* [EXCERPTED RECORDS]
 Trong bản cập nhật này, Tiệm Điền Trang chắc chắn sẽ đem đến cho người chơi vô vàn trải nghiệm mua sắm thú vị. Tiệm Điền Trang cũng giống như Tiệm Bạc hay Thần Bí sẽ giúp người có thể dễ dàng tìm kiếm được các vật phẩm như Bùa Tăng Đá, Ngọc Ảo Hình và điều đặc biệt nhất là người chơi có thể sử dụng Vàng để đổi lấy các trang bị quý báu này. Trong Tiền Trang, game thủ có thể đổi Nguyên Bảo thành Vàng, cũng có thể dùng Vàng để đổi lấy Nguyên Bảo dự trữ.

---

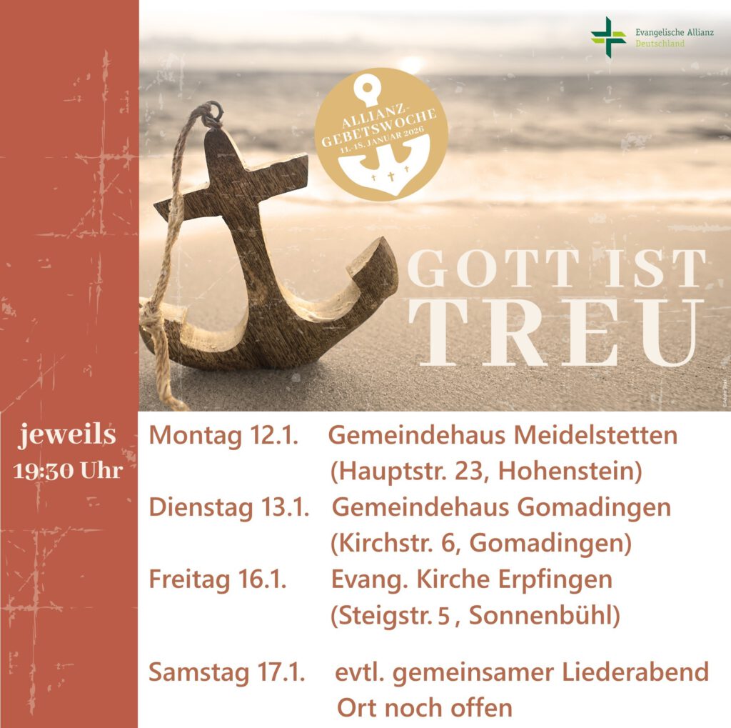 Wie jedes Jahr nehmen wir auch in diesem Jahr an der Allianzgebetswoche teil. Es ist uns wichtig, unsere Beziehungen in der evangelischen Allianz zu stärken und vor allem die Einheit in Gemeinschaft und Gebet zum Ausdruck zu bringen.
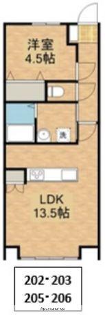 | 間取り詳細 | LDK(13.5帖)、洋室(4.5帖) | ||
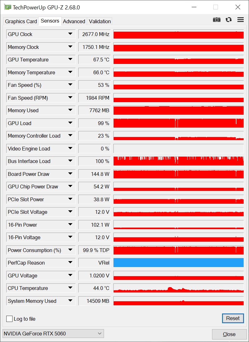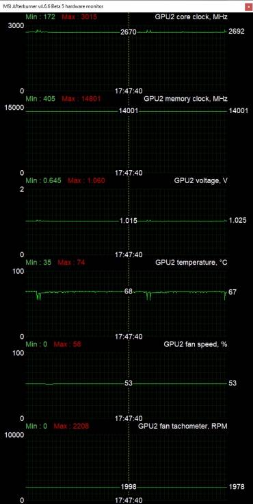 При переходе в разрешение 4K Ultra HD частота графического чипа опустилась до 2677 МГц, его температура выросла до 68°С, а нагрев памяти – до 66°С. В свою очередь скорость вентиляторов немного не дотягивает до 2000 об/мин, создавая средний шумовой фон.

==

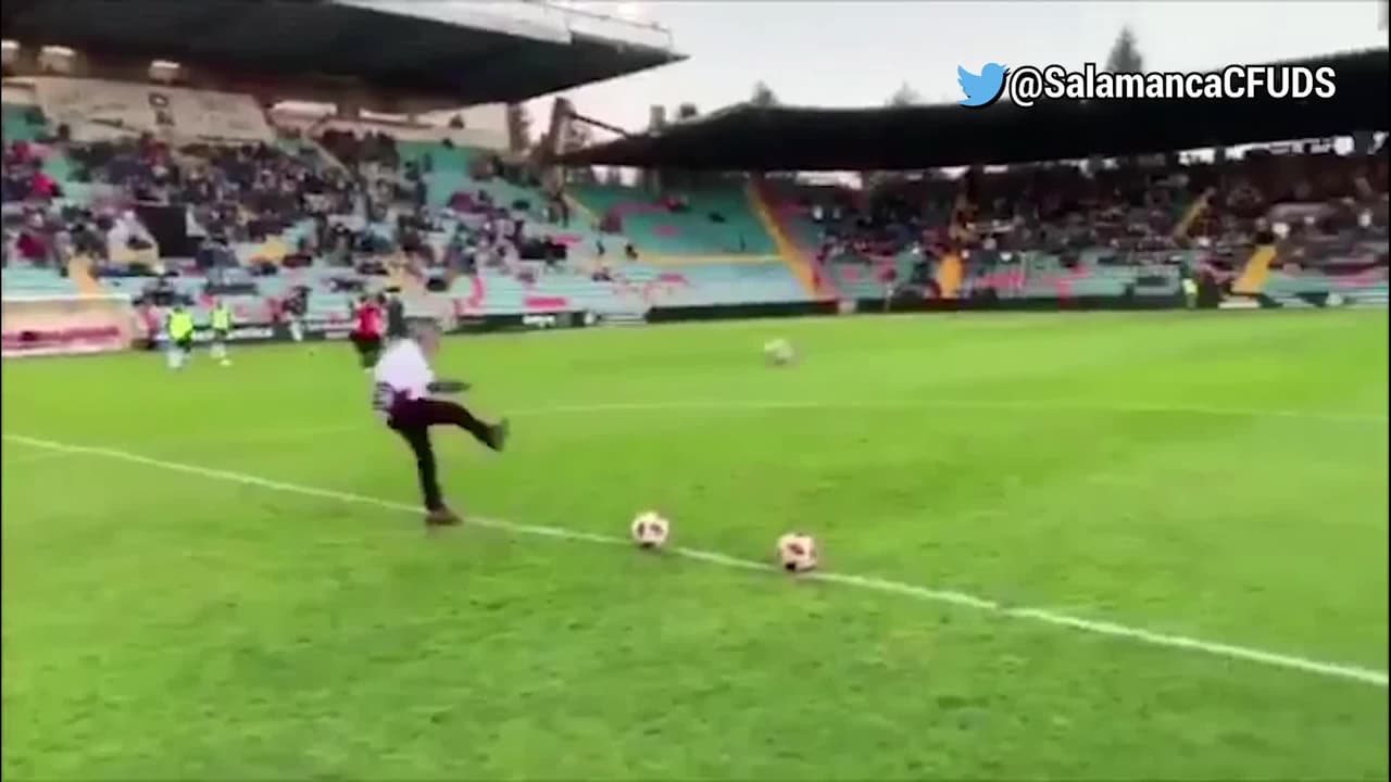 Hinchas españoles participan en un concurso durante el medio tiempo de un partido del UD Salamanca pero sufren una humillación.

* [TASK PROMPT] From the line with "LDK(13.5帖)、洋室(4.5帖) | ||" up to and including the line with "При переходе в" above, retype every line exactly and nothing more; leave out the pictures.

* [ANSWER SECTION]
 | 間取り詳細 | LDK(13.5帖)、洋室(4.5帖) | ||
 При переходе в разрешение 4K Ultra HD частота графического чипа опустилась до 2677 МГц, его температура выросла до 68°С, а нагрев памяти – до 66°С. В свою очередь скорость вентиляторов немного не дотягивает до 2000 об/мин, создавая средний шумовой фон.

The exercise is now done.